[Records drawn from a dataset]
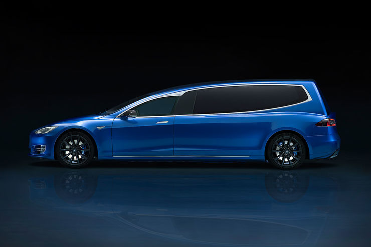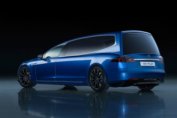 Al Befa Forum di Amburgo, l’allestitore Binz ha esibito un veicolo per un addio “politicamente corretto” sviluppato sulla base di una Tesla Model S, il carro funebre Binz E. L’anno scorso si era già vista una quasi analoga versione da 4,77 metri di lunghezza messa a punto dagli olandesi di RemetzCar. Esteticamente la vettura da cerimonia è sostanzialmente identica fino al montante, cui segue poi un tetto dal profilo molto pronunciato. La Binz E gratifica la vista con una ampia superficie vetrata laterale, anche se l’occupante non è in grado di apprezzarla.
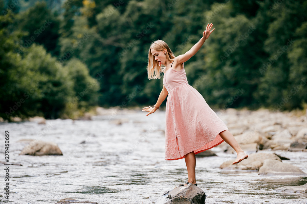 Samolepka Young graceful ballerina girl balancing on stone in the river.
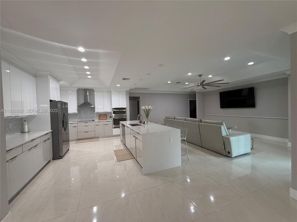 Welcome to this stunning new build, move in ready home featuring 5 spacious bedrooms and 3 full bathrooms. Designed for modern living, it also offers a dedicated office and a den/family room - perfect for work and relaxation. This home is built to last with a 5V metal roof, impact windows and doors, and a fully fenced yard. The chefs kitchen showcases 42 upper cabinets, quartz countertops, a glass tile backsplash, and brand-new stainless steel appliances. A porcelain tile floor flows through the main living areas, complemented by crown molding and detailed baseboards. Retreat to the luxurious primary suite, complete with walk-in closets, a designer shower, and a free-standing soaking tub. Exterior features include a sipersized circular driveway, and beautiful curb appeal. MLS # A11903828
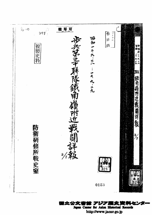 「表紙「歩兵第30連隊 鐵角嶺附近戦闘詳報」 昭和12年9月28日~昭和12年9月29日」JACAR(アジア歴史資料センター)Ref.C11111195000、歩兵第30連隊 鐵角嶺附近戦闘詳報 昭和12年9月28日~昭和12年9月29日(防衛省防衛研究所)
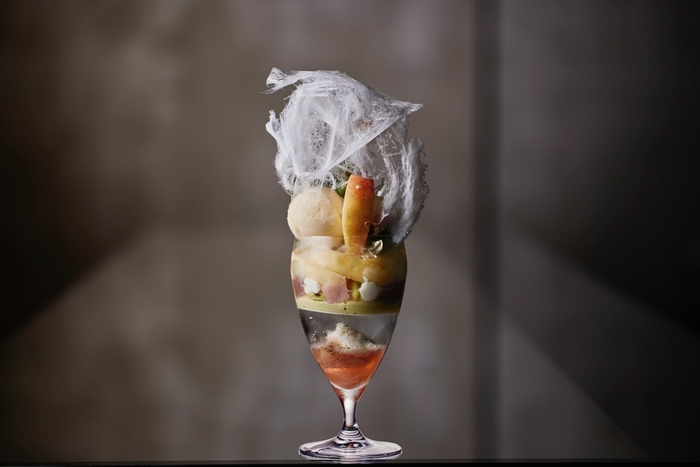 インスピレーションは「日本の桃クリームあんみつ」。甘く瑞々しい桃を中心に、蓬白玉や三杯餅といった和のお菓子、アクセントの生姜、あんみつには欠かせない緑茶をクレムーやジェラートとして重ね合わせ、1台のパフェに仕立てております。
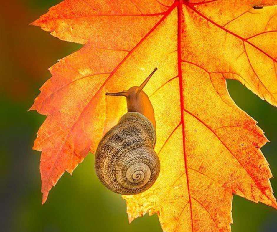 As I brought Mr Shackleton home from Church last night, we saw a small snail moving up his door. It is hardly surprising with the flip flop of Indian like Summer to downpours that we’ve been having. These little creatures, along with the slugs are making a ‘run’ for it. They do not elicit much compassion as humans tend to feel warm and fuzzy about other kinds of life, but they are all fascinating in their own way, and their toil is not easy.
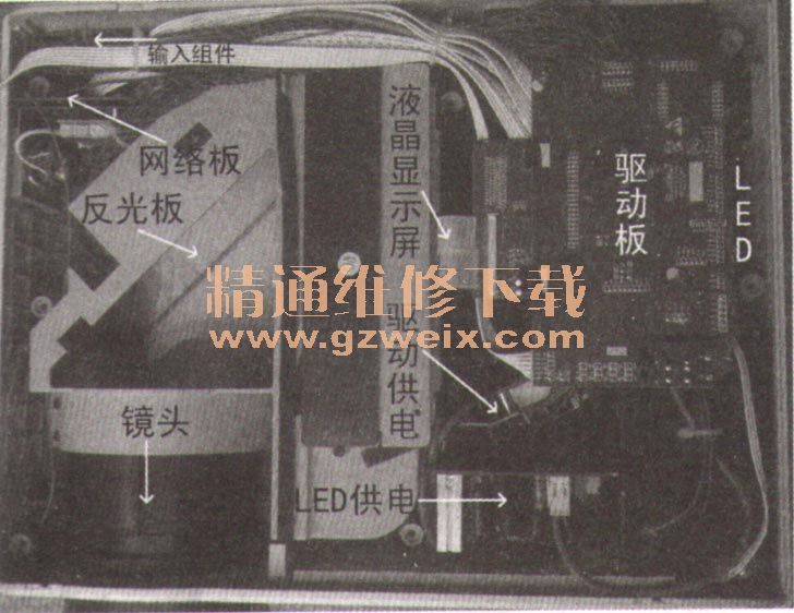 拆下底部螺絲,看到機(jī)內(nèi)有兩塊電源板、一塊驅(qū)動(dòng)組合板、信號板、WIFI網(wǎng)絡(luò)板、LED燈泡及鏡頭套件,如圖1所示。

WHAT YOU ARE ASKED TO DO: Restate the data word for word from its first line through the line with "Samolepka Young graceful", leaving out any picture along the way.

ANSWER:
 Al Befa Forum di Amburgo, l’allestitore Binz ha esibito un veicolo per un addio “politicamente corretto” sviluppato sulla base di una Tesla Model S, il carro funebre Binz E. L’anno scorso si era già vista una quasi analoga versione da 4,77 metri di lunghezza messa a punto dagli olandesi di RemetzCar. Esteticamente la vettura da cerimonia è sostanzialmente identica fino al montante, cui segue poi un tetto dal profilo molto pronunciato. La Binz E gratifica la vista con una ampia superficie vetrata laterale, anche se l’occupante non è in grado di apprezzarla.
 Samolepka Young graceful ballerina girl balancing on stone in the river.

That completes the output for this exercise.